5 principles of data integrity.
- “Slogan”: high-quality dataset yield high-quality insights.
- Validity:
  - A valid data follows “constraints” on uniqueness. (Dữ liệu hợp lệ tuân theo “các ràng buộc” về tính duy nhất.)
  - Types of constraints: range constraints (out of range error), datatype constraints
- Accuracy:
  - Accurate data matches a known source of truth. (Dữ liệu chính xác khớp với một nguồn sự thật đã biết.)
- Completeness: accuracy & completeness is hard to achieve, meaning this truth is just a sub-part of the truth.
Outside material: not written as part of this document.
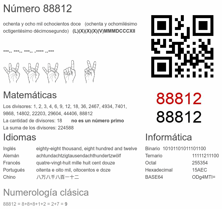 Si conoce algo interesante sobre el número 88812 o cualquier número natural (entero positivo), por favor escríbanos.Número 88 812 en otras unidades

Sometimes, our derived insights can be just an “overfitting” in machine learning.
- Consitency: same information shared among dataset should be the same.
- Uniformity: data should use the same “unit measure” in all dataset.
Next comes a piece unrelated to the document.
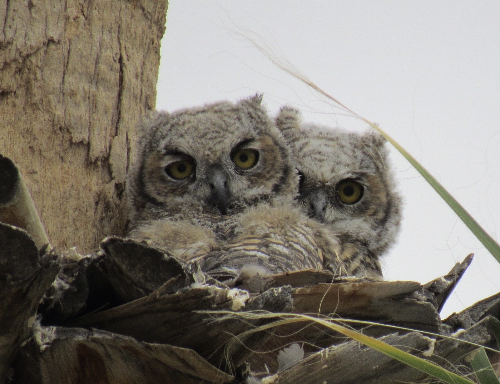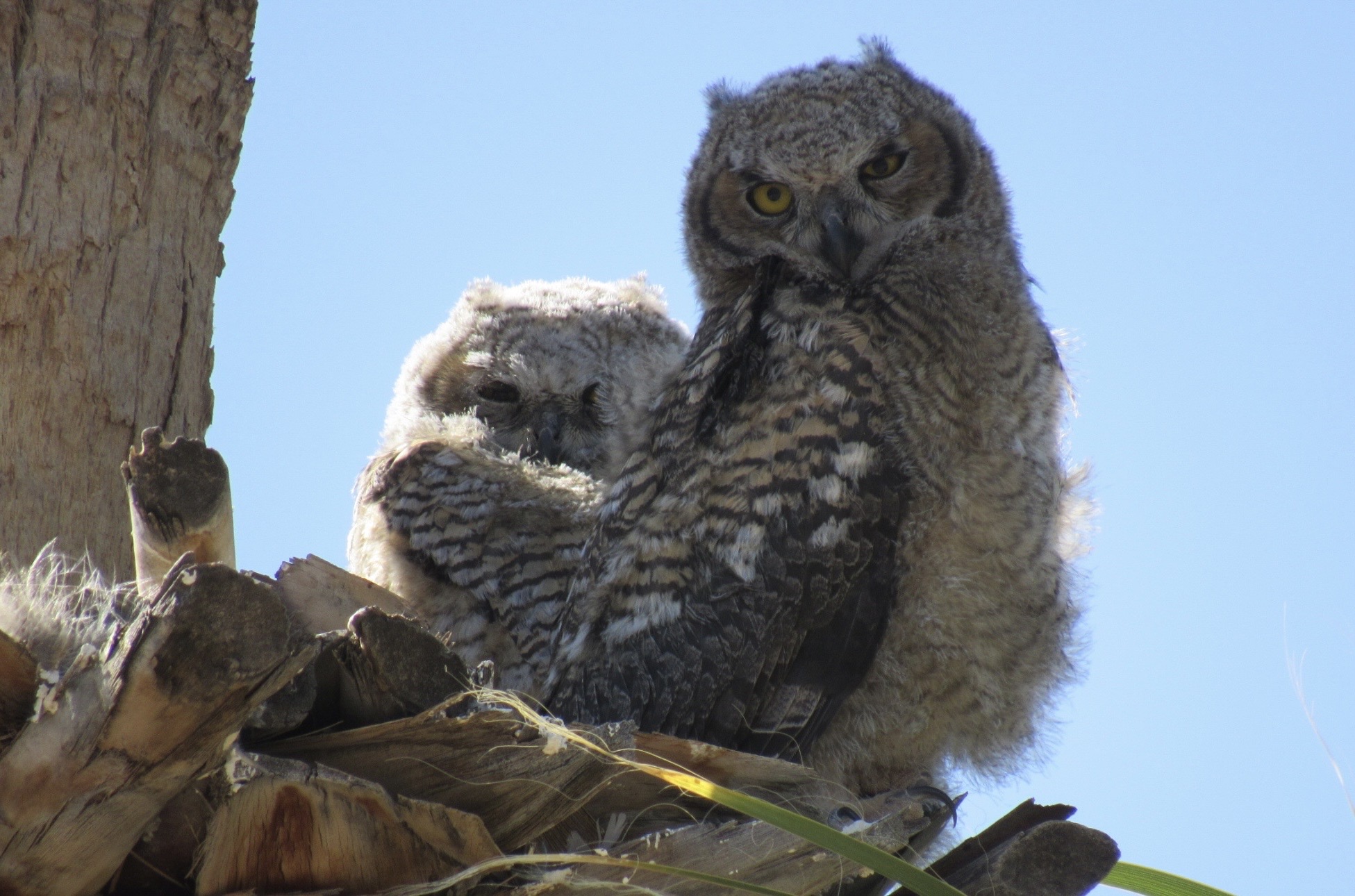 Young Great Horned Owl siblings in a nest half way up a palm tree.

- Dataset shape: number of rowns x number of coloumns
- Dataset skew: refer to the distribution of values:
Clean and transform data using SQL.
- Create test cases to check values.
- Look up values against an objective.
  - IN(): for look up values
- Checking the shape and skew of dataset.
  - NULLIF()
  - IFNULL()
  - COALESCE()
- Store one fact in one place and use IDs to look up.
- Helpful string functions to clean data
  - PARSE_DATE()
  - SUBSTR()
  - REPLACE()
- Document and Comment your approach.
- Use FORMAT() to clearly indicate units.
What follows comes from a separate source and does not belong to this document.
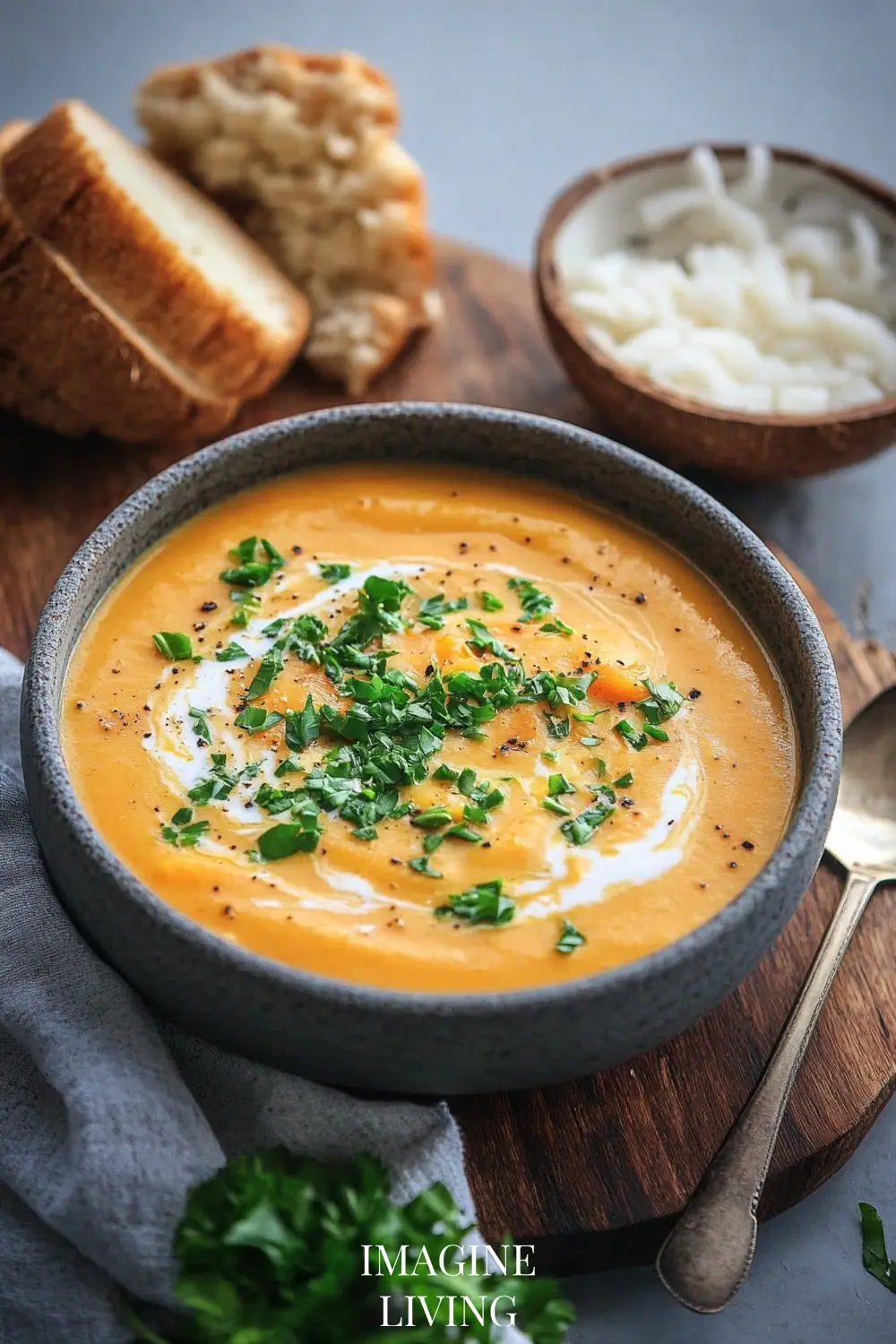 - Serve: Ladle into bowls, garnish with cilantro or parsley, and swirl with coconut milk.

- CAST() data types to the same format and digits.
- DATE(), TIME(), DATETIME() all accepts a timezone parameter.
- Convert unix epoch values using TIMESTAMP_MICROS(), TIMESTAMP_MILLIS(), TIMESTAMP_SECONDS().
- WARNING : NULL is not ‘’
Clean and transform data: other options.
- Slogan: use the right tool for the right job.
- “Cloud Dataprep”: built by Trifacta for data preparation. It’s a visual tool running on Dataflow. More info: “dataprep”
- “Cloud Data Fusion”: a fully-managed, cloud native, enterprise data integration service for quicly building & managing “data-pipeline”. It has no code and a great UI-based tool.
  - “Wrangler” is a code-free, visual environment for transforming data into data pipeline. It can give you a TRY on a small sub-data before total application.
- Dataflow: a GC service to create a pipeline to process data. (extract, transform, loading = ETL)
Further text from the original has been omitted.